Researchers from Scripps Research have developed a new method to control and modulate gene therapy dosing. The researchers used a molecular switch that could be deployed towards controlling dosing in gene therapies. The relevance of gene therapy in the contemporary times cannot be undermined. For this reason, any form of developments in gene techniques holds immense significance for doctors and medical professionals. The researchers have proposed the first technique that could alter therapeutic gene activity. Moreover, these techniques could be useful in sound treatment of genetic disorders. The findings of the research are published in Nature Biotechnology journal. The research opens new avenues for addressing safety issues related to gene therapy.

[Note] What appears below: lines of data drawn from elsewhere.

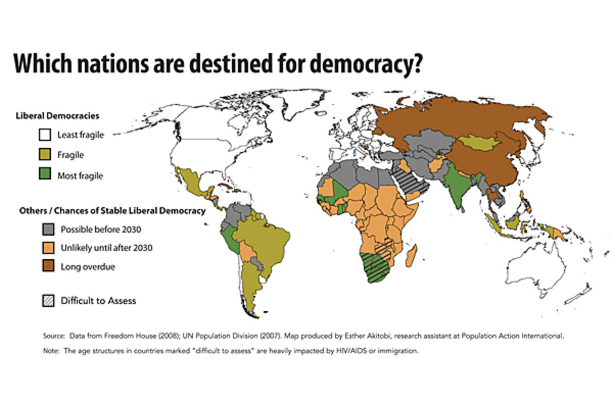 When demographer Richard Cincotta undertook three years ago to determine which nations had the best chance of becoming liberal democracies before 2030, he colored in all of North Africa, some of the Middle East, and on into central Asian countries such as Kazakhstan, Afghanistan, and Pakistan (see map above).
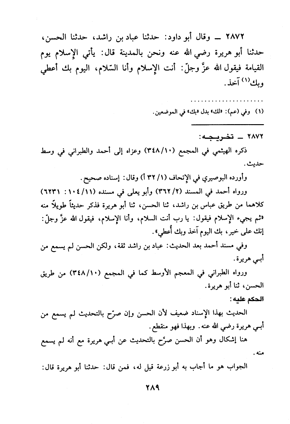 2872 - وقال أَبُو دَاوُدَ: حدثنا عَبَّادُ بْنُ رَاشِدٍ، حدثنا الْحَسَنُ حدثنا أَبُو هُرَيْرَةَ رَضِيَ الله عَنْه وَنَحْنُ بِالْمَدِينَةِ قَالَ: يَأْتِي الْإِسْلَامُ يَوْمَ الْقِيَامَةِ فَيَقُولُ اللَّهُ عَزَّ وَجَلَّ: §أَنْتَ الْإِسْلَامُ وَأَنَا السَّلَامُ، الْيَوْمَ بِكَ أُعْطِي وَبِكَ آخُذُ.
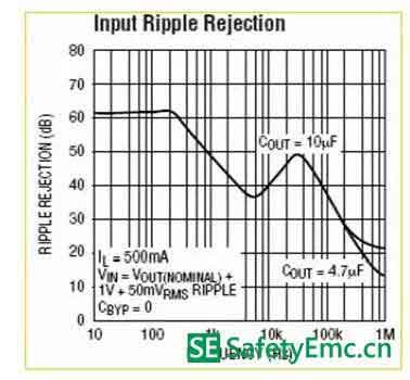 對比曲線上圖的曲線和左圖的波形,可以看出對幾百KHz的開關紋波,LDO的抑制效果非常好。但在高頻范圍內(nèi),該LDO的效果就不那么理想了。

Developing Molecular Switches
The researchers demonstrated their technique by embedding the switch into gene therapy that produces erythropoietin hormone. The secretion of this hormone helps in treatment of anaemia. The treatment line proposed by Scripps researchers involves the use of morpholinos, a control molecule approved by the Food and Drug Administration (FDA). The researchers first suppressed the expression of the gene at hand, and successively enhanced its expression over a wide range. The researchers consider this technique to be the only viable option in regulating dosing in gene therapy. Use of therapeutic gene copies inserted in the cells of patients is a widely used technique within gene therapy. The technique endows immense potential to cure diseases related to impaired genes.
Added Advantages of Transgene Therapy
The new technique, known as transgene switching system, could be used in an array of gene therapies. Furthermore, approval of morpholines by FDA gives premium value to the research. The team of researchers used ribozymes for the development of a transgene switch. The next decade is expected to witness several improvements in gene therapy and transgene methodologies.